# Floor Load Rating



## gafftaper

My theater is 4 years old, since I wasn't here when it opened there is a lot of important information I don't know about the building. "Grease" is coming this spring and with it the discussion of if we can handle a real car on stage. I just found this diagram below. I'm wondering if we can assuming anything about the load rating based on the diagram without knowing any span information. I guess the only thing I can KNOW for sure is that there is 2x3 around the perimeter of the 4x8 plywood and base my load calculation on that. Can I assume that there is a 2x3 every 24" or is that too much?


----------



## MNicolai

Ever have a scissor lift out on your stage?


----------



## gafftaper

MNicolai said:


> Ever have a scissor lift out on your stage?

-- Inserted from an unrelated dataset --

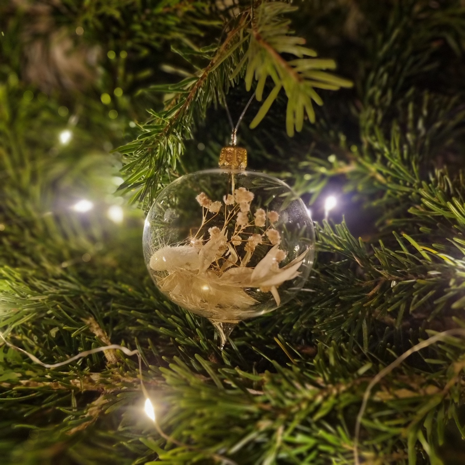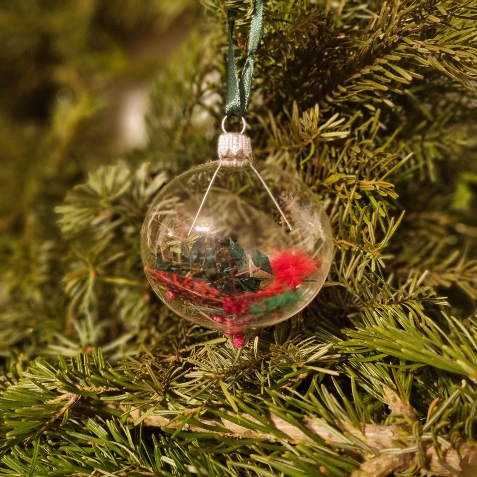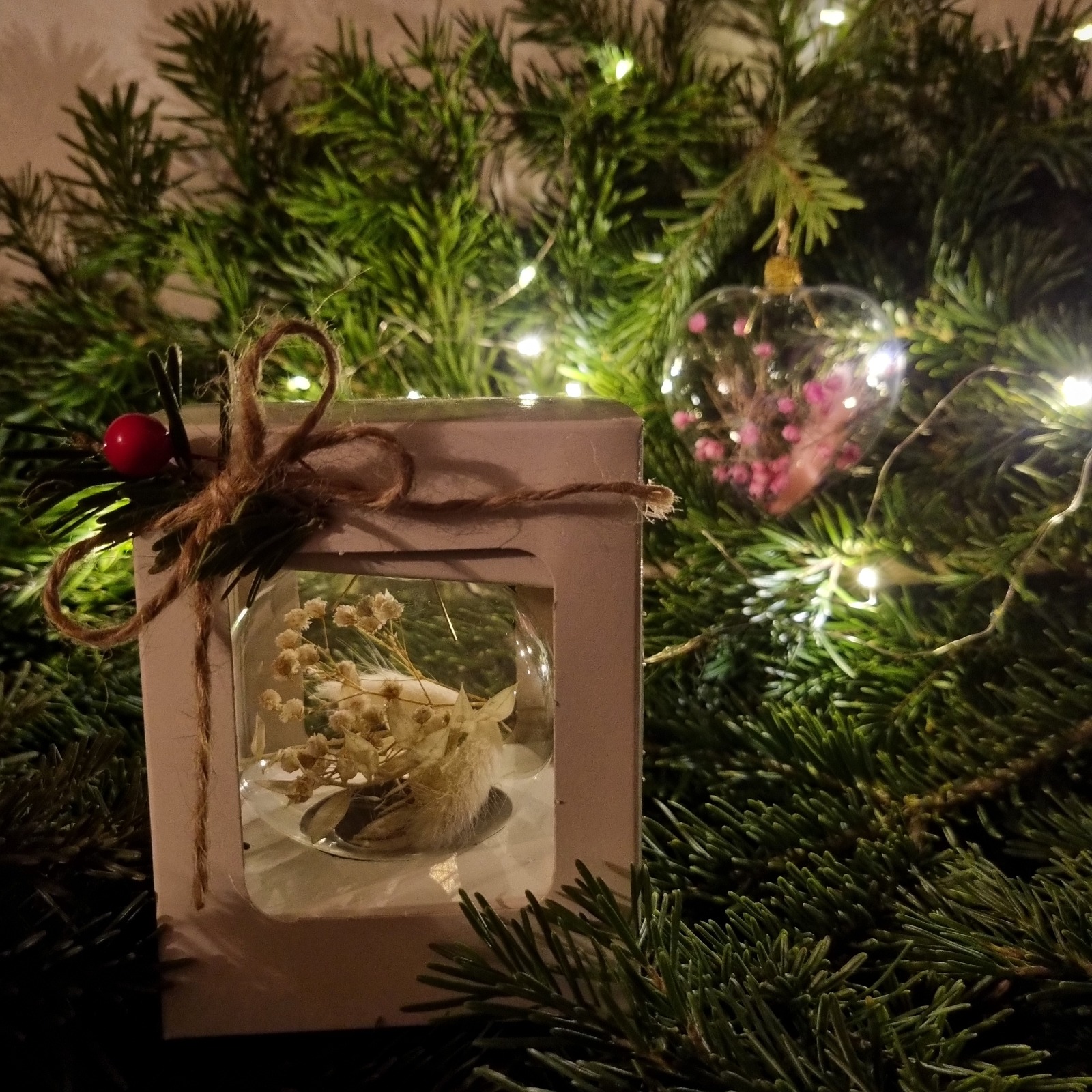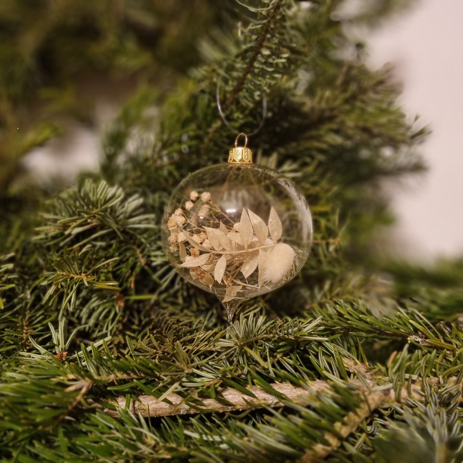 Materiale: glob din sticlă, pene rosii, ruscus verde si rosu, ruscus crem+ gypso
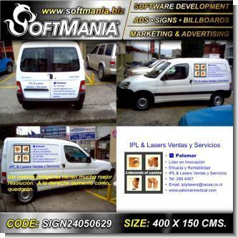 Este producto Rotulo Publicitario Publicidad para Flotilla Vehicular de Empresa con Texto Microbus Rotulada, Ipl Lasers Ventas y Servicios para Clinica Estetica marca Softmania Ads de Dimensiones 35x50 Centimetros y muchos mas estan disponibles al por mayor y al detalle en SOFTMANIA. Pregunta por el codigo SIGN24050629. Aprovecha grandiosas ofertas todos los dias!

Not that I know of, but I would like to know if I can.


----------



## JD

Still best to get an engineer to look at it and sign off. That way, the liability is set if something happens.


----------



## MNicolai

I was going to say, a scissor lift weighs about the same as a car. Find anyone who remembers a lift on the finished deck without problems and you've got your answer.

If your stage is slab-on-grade, it may suffice to find anyone with the same or similar floor construction. If there's a cavity for traps or rooms below your stage, you definitely want to first consult an engineer.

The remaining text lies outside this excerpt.